Why Does It Hurt More to Lose?
Written by Catherine and Elva on 2020-08-14
Let’s play a game! Imagine that you have a chance to win $100 by flipping a coin. If it lands on heads, you win $100. If it lands on tails, you lose $100. So what do you say?
Theoretically, you have a 50/50 chance of winning or losing this game. However, most people will refuse to play this game because we tend to focus on losing $100 instead of winning $100. Why do we think this way?
We have different perceptions of losses versus equivalent gains, and we tend to be much more sensitive to losing than winning. The pain of losing $100 is far greater than the happiness we would achieve from gaining $100. This is known in behavioral finance as "Loss Aversion Theory". Various research studies have found that in order to play this game, the amount you can possibly win should be at least two times greater than the amount you would lose. In other words, I’d have to give you at least $200 for you to play this game!
Loss averse is a common emotion. For example, if you make a $100 investment return, you won’t experience too much emotions, but if you lose $100, you will probably feel a huge headache.
Why do we have loss aversion
This innate human emotion stems from an ancient psychological mechanism of self-preservation. In times of extreme poverty, there is a big difference between losing and getting the same amount of food; losing food means you or your offspring starving to death, but getting the same amount of food just means you eat more. Negative events not only make us react faster, but they also affect us more deeply, so people are more sensitive to loss.

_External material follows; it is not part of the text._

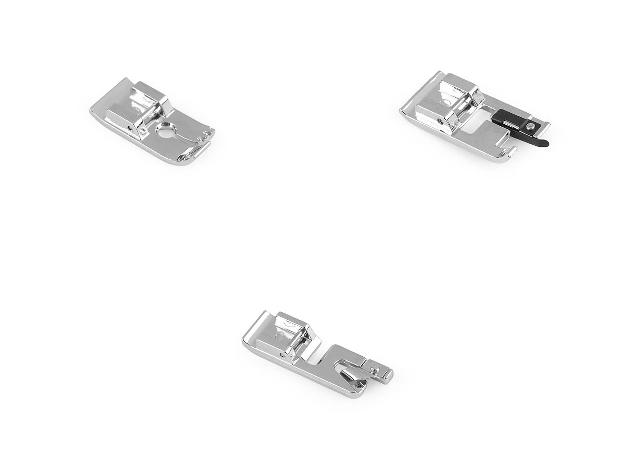 Kovové pätky majú univerzálnu konštrukciu , preto sú vhodné pre väčšinu domácich šijacích strojov. Prirábajú sa priamo na ihlovú tyč. Šírka úchopu na ihlovú tyč je 6 mm . Variant č. 1 je na klasický rovný steh. Zaručuje dokonalé, presné a rovné vedenie šitého stehu, vrátane spätného. Variant č. 2 je overlocková pätka. Začistí okraje látky pomocou overlockového stehu. Stehy sú elastické a okraje látky sa nevlnia. Variant č. 3 je lemovacia pätka. Slúži na rovnomerné olemovanie okraja látok. Šírka lemu je 3 mm.

How does loss aversion affect investment decisions?
This mindset can lead people to make irrational investment decisions. Take your holdings of two stocks for example; one is going up by 20% and the other is going down by 20%. If you need to sell one of them, which one would you sell?
Most people will choose to sell the stock that's making money, so they can ensure the money goes to their pockets. However, such a decision does not take into account the chance it will continue to rise. On the other hand, most people find it hard to accept a loss. For the stock that is losing money, we always hope that it will rise again. Actually, the right decision is to sell the falling stock and prevent further decline. For example, my principal was originally $10,000, the stock fell 20%, and I have $8,000 remaining. At this time, it had to rise by 25% to recover the loss. What if the investor did not sell in time, the stock continued to fall to $5,000, then the stock price would have to rise by 100% to cover the loss.
In fact, loss aversion is an irrational behavior triggered by emotional biases, but it is hard to get rid of these emotions. It is quite unwise if your investment decisions are also influenced by them.